UM Architecture and Engineering Students Compete in DOE’s Race To Zero
CORAL GABLES, Fla. (May 6, 2016)—UM School of Architecture Master of Science students Abhirajika Agrawal and Ariela Cassinelli, both of whom focus on sustainable building, were part of the first team from the University of Miami to enter the United States Department of Energy’s Race to Zero Student Design Competition. Bernardo Samuel Benzecry of the College of Engineering was the remaining member of the team, which was advised by UMSoA’s John Onyango, assistant professor and director for the Master of Science program, Wanda Zou, assistant professor at the College of Engineering and professional advisors Greg Hamra and Jonathan Burgess.
The US DOE website states that “The Race to Zero is an annual competition, open to students and faculty from any interested collegiate institution. The competition is based upon a real-world scenario where a builder is developing a new high performance home product line or needs to update an existing product line (house plan) to a high-performance house design.

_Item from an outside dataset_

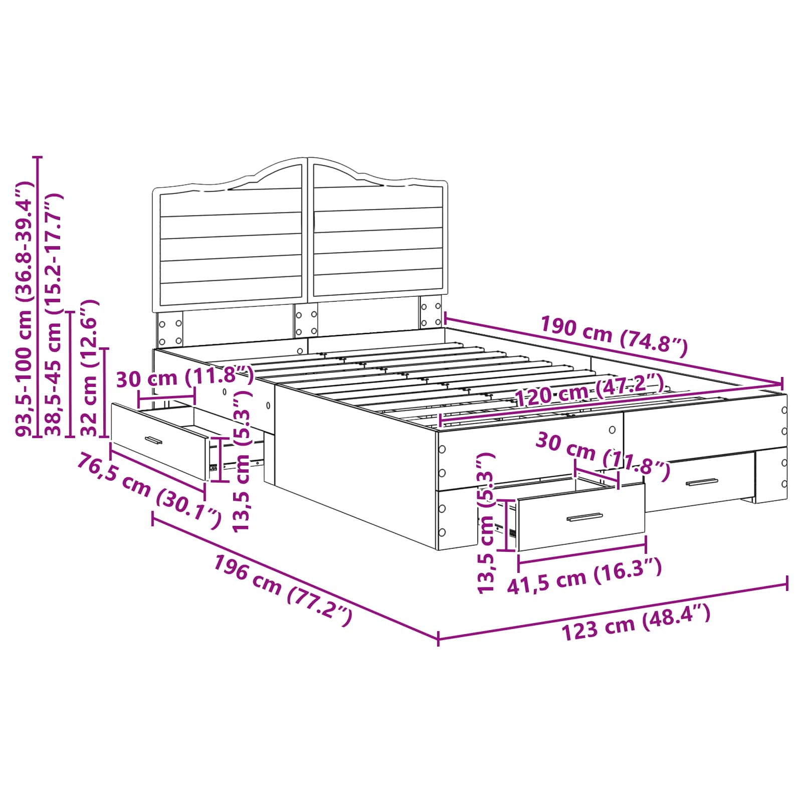 - Sisse ehitatud ladustamisvõimalused Voodi on varustatud avarate ja kergesti ligipääsetavate sahtlitega, et maksimeerida magamistoa ruumi. Need sahtlid võimaldavad tõhusalt hoida voodilinad, riided ja muud vajalikud asjad, vähendades segadust ja säilitades puhta ja mugava keskkonna. Kõik sinu asjad mahuvad kenasti ära, muutes ruumi funktsionaalsemaks.

College teams are posed with a design problem and are asked to either create a new house design that satisfies the project requirements or redesign an existing floor plan.” The UM team focused on a site in South Miami, with a goal of low cost affordable housing that met the energy effficiency requirements of the competition.
Agrawal said the competition was a great opportunity, “something of a legend for those aspiring to practice sustainable architecture. This inter-disciplinary student competition entails a highly technical approach to designing Net Zero Energy Homes, far beyond the processes a regular architect would deploy. It was Dr. Onyango who introduced us to the challenge this year and guided us through our participation.”
“Designing Net Zero Energy buildings is much more than what we consider and conceive when we normally talk about ‘green buildings,’” Agrawal said. “We usually think of the standards set by LEED, the Living Building Challenge, WELL and other such rating systems. However, the science of NZE buildings has more to do with understanding of the building interaction with the surroundings, materiality, construction techniques, above and beyond the climatology and spatial logic in designing.”
“When we started, we barely understood the technical processes or even the terms. Picking from there, it was a long journey to understanding and implementing those technical processes and making use of new software,” Agrawal said. “It was a great platform for networking with other students and a hoard of professionals across states engaged in Net Zero Energy buildings. Though we learned a lot, there is still a big ground to cover. Going forward, I hope UM SoA becomes a permanent feature at the event. And given the learning involved in the process, perhaps the competition can serve as basis for an awesome interdisciplinary studio.”
The 2016 competition was held at the National Renewable Energy Laboratory campus in Golden, Colorado, which is “one of the largest Net Zero Energy Campus in the U.S., completely heated by heat ejected from their supercomputers,” according to Onyango.
Onyango said that, even though the UM team did not win, Agrawal went “above and beyond” in her efforts in the competition.